------ Source data ------
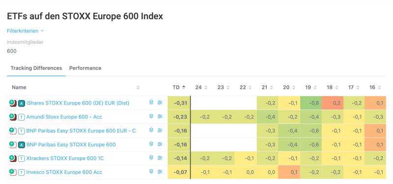 In manchen Fällen schlägt der ETF den Index sogar (z. B. TD von -0,1 %). Das liegt an zusätzlichen Einnahmen des Fonds:
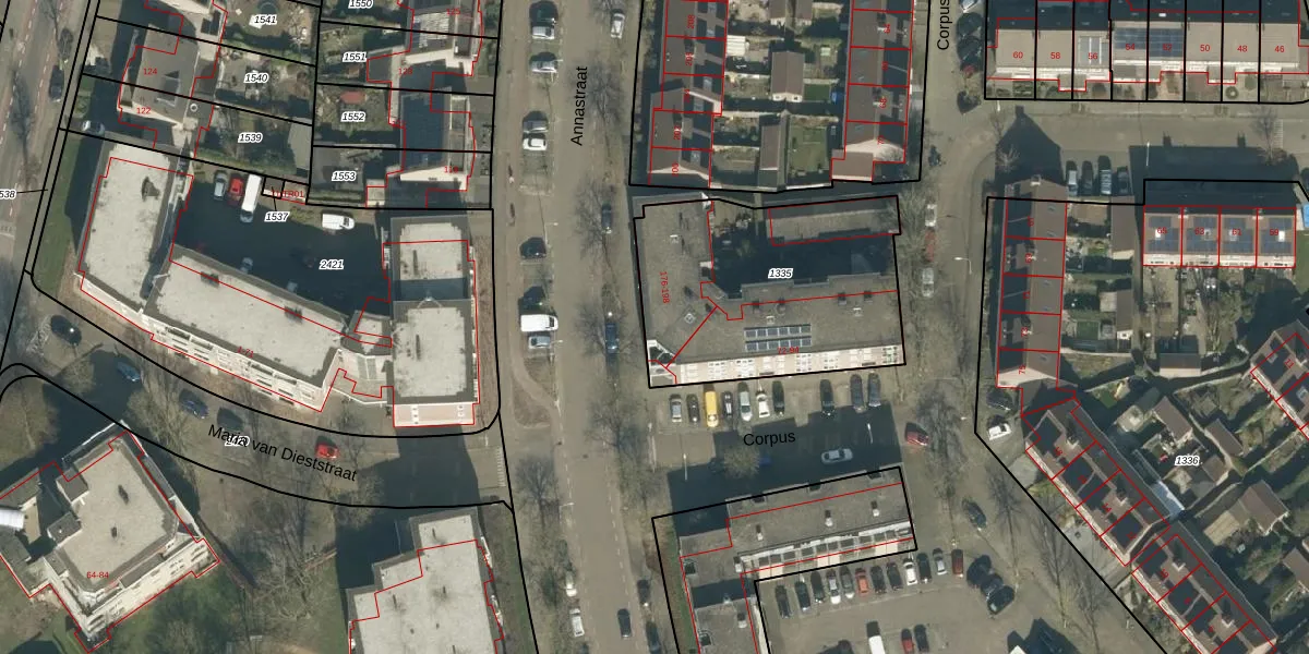 Het perceel waarop Annastraat 180 staat heeft een oppervlakte van 1047 m². Dit is een zeer groot perceel. De perceeloppervlakte wordt geregistreerd door het Kadaster. Gedetailleerde informatie over de maten van dit perceel kunt u vinden in het rapport Kadastrale kaart met maatvoering van Annastraat 180.
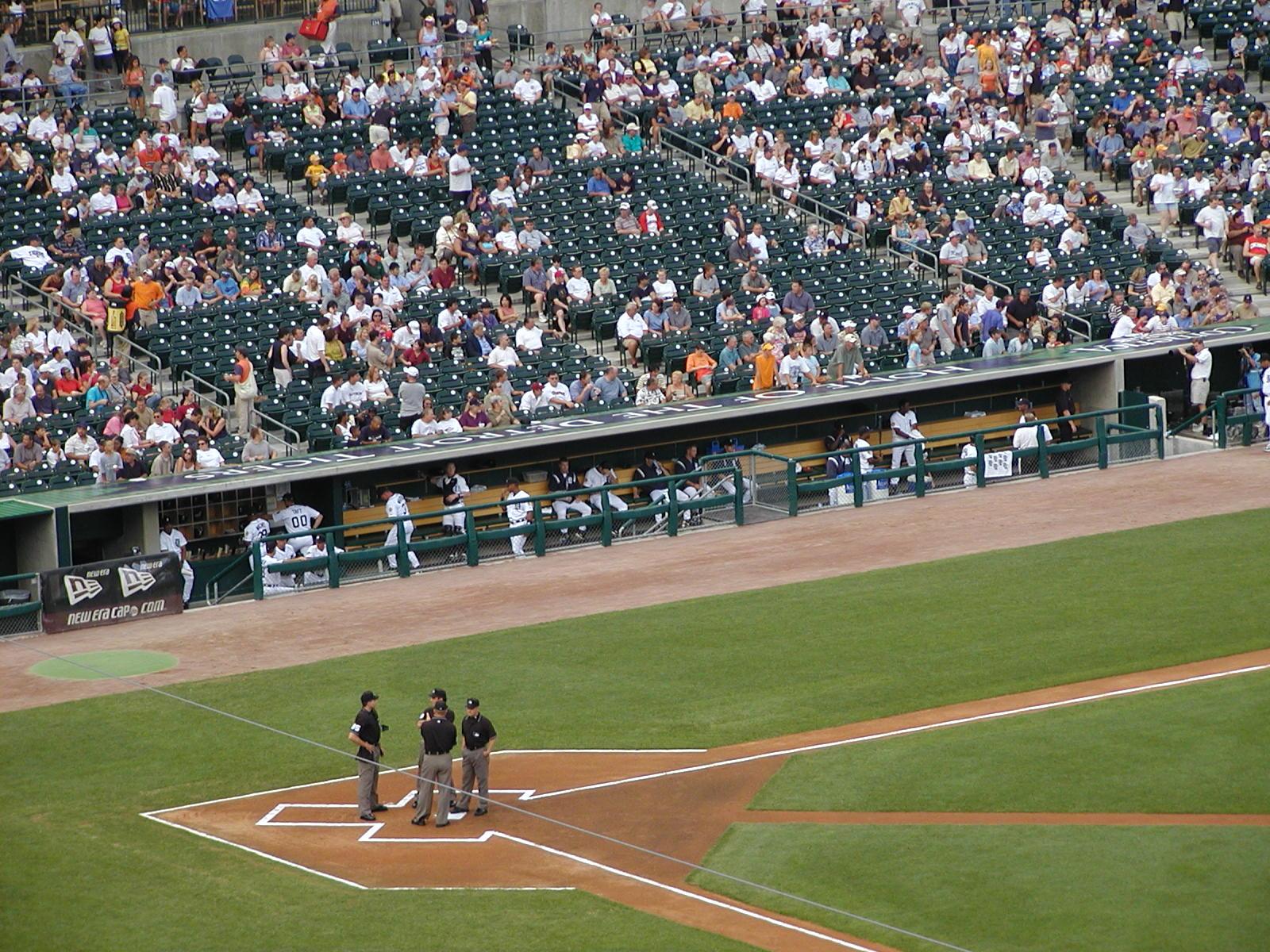 The umpires on the home plate shaped home plate area.
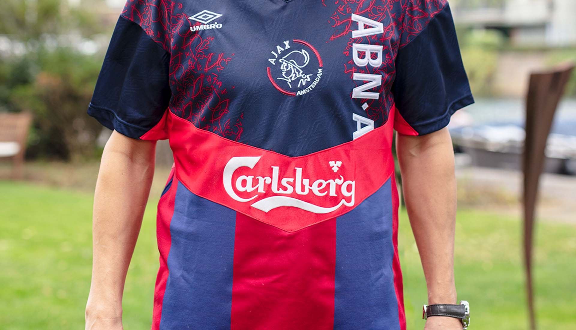 The shirt takes the upper of the Ajax shirt, the club with which Litmanen enjoyed the most success, the midriff of Liverpool and 'Carlsberg' sponsor, and the lower section from Barcelona.
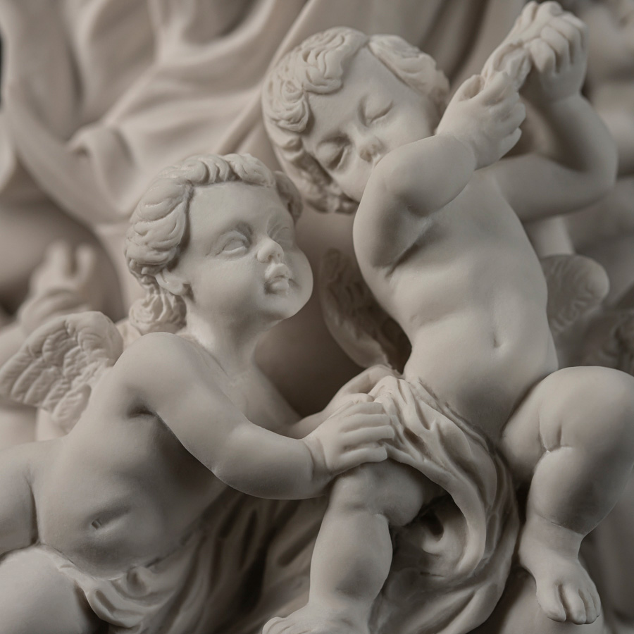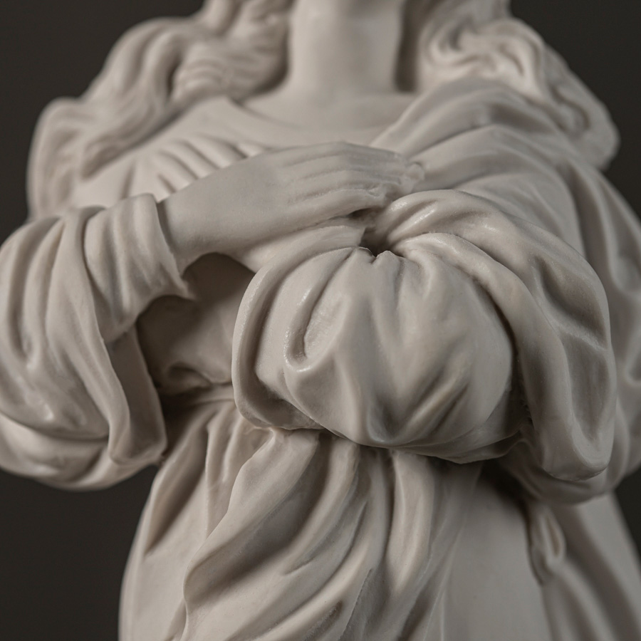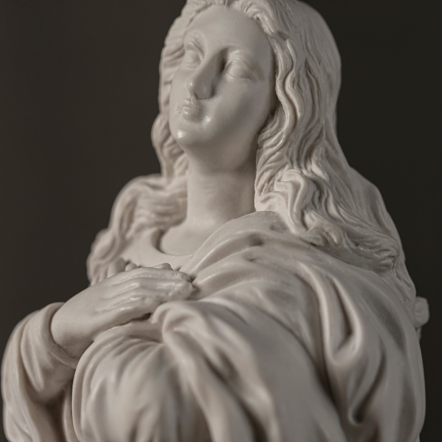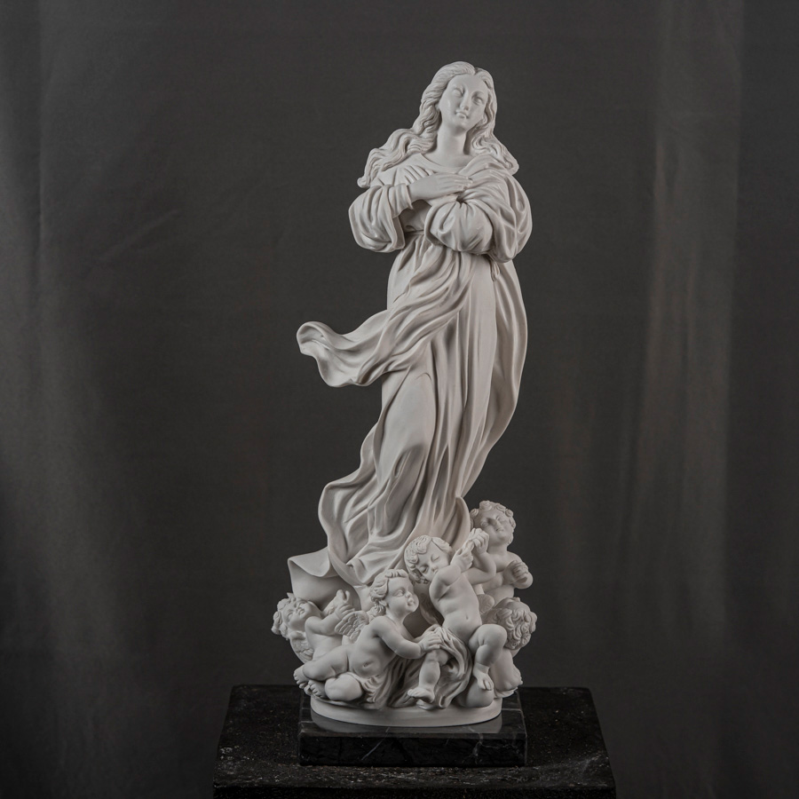 Scultura in marmo rigenerato raffigurante la Madonna di Murillo ispirata alle celebri interpretazioni di Bartolomé Esteban Murillo, realizzate nel XVII secolo e oggi conservate in importanti musei internazionali. L’opera richiama l’iconografia tipica del maestro spagnolo, con la Vergine rappresentata in atteggiamento estatico, le mani incrociate sul petto e lo sguardo rivolto verso l’alto, avvolta da un panneggio mosso e vibrante.
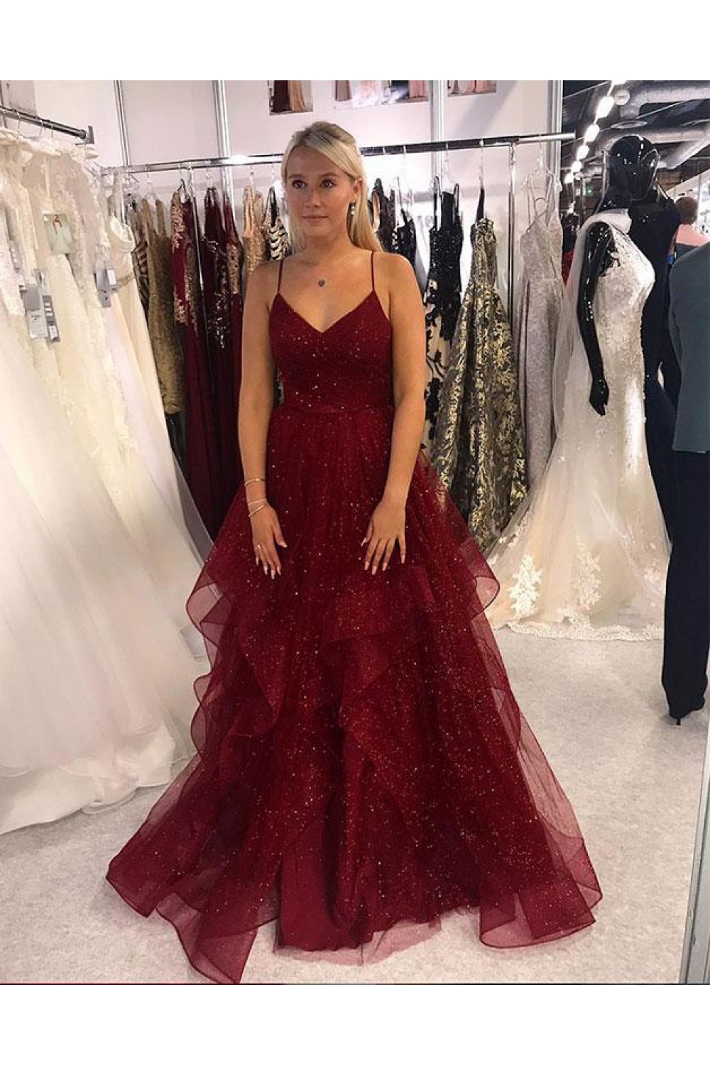 -56% A-Line Sequins Tulle V-Neck Long Prom Dresses Formal Evening Gowns 6011366
------
:: What you need to do ::
Could you copy out every record exactly, minus the pictures?

:: Reply ::
 In manchen Fällen schlägt der ETF den Index sogar (z. B. TD von -0,1 %). Das liegt an zusätzlichen Einnahmen des Fonds:
 Het perceel waarop Annastraat 180 staat heeft een oppervlakte van 1047 m². Dit is een zeer groot perceel. De perceeloppervlakte wordt geregistreerd door het Kadaster. Gedetailleerde informatie over de maten van dit perceel kunt u vinden in het rapport Kadastrale kaart met maatvoering van Annastraat 180.
 The umpires on the home plate shaped home plate area.
 The shirt takes the upper of the Ajax shirt, the club with which Litmanen enjoyed the most success, the midriff of Liverpool and 'Carlsberg' sponsor, and the lower section from Barcelona.
 Scultura in marmo rigenerato raffigurante la Madonna di Murillo ispirata alle celebri interpretazioni di Bartolomé Esteban Murillo, realizzate nel XVII secolo e oggi conservate in importanti musei internazionali. L’opera richiama l’iconografia tipica del maestro spagnolo, con la Vergine rappresentata in atteggiamento estatico, le mani incrociate sul petto e lo sguardo rivolto verso l’alto, avvolta da un panneggio mosso e vibrante.
 -56% A-Line Sequins Tulle V-Neck Long Prom Dresses Formal Evening Gowns 6011366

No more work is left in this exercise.